• [Directions]: Set down, character for character, everything in the records below from the line holding "Karnevalsparty der SV 2021" down to the line holding "Besondere Lernerfolge und", and no other line.

• [Data supplied]:
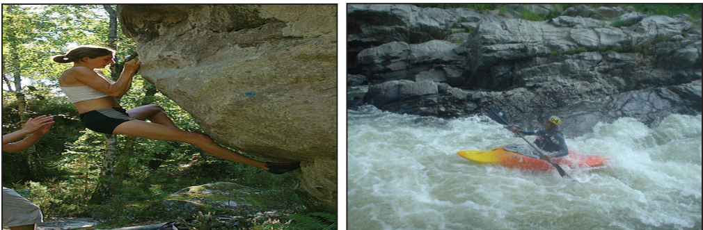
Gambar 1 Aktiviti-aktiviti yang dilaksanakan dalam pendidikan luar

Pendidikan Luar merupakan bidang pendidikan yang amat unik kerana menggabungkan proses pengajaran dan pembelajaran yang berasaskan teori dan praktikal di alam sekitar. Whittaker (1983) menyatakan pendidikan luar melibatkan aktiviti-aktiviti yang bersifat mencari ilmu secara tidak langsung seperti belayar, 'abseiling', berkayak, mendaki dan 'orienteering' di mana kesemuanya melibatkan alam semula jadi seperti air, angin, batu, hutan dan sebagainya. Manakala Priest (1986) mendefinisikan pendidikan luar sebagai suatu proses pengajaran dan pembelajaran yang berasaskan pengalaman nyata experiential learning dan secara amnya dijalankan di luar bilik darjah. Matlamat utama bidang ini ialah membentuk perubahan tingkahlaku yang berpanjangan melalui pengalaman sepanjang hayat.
* * *
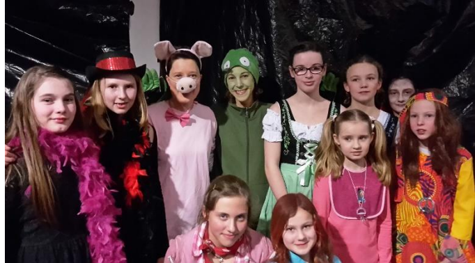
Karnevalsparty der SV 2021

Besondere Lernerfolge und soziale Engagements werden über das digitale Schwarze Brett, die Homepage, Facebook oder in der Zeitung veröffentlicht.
---
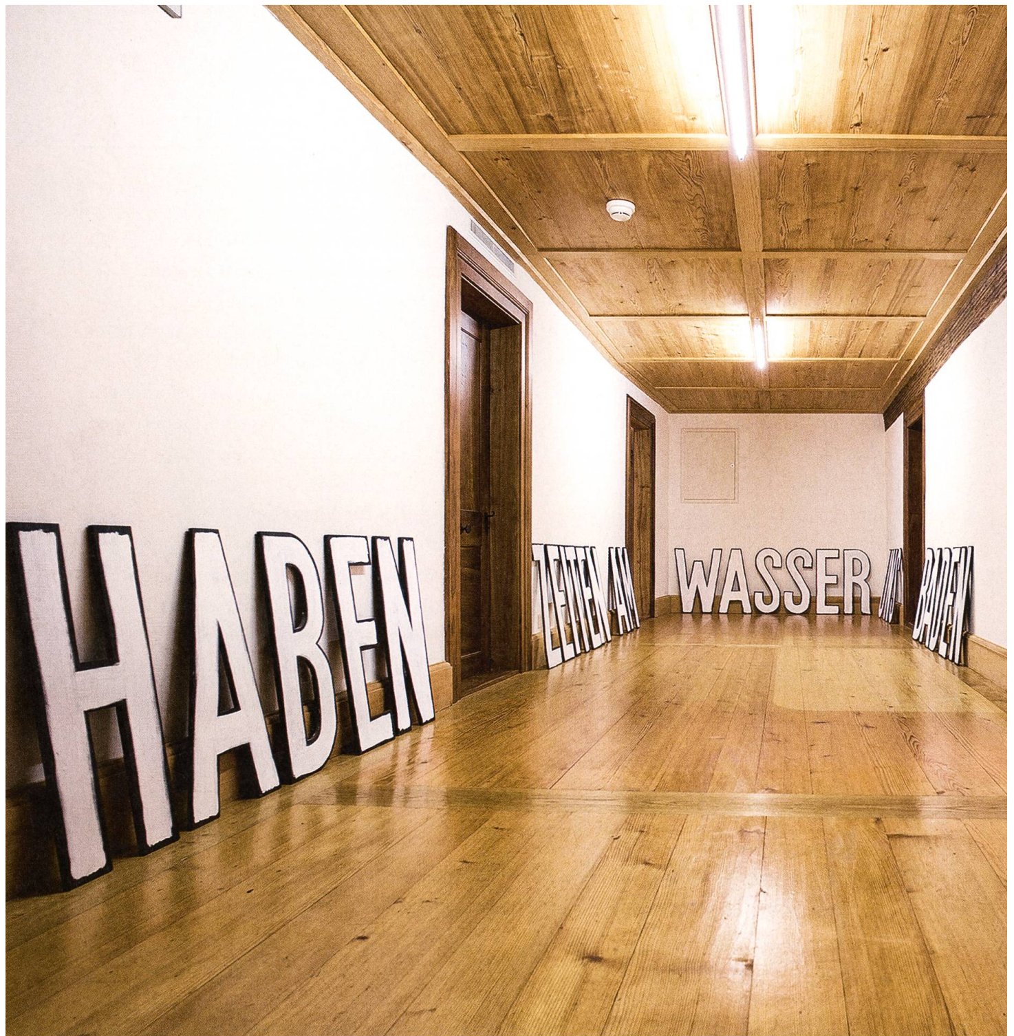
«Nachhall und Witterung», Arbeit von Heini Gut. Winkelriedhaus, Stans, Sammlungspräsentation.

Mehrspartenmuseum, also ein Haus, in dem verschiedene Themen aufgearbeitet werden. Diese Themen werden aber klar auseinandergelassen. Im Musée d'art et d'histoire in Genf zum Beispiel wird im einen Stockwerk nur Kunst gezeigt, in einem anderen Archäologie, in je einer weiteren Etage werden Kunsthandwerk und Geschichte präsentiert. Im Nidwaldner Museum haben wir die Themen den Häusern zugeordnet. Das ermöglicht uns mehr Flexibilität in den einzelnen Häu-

• [Solution to this task]:
Karnevalsparty der SV 2021

Besondere Lernerfolge und soziale Engagements werden über das digitale Schwarze Brett, die Homepage, Facebook oder in der Zeitung veröffentlicht.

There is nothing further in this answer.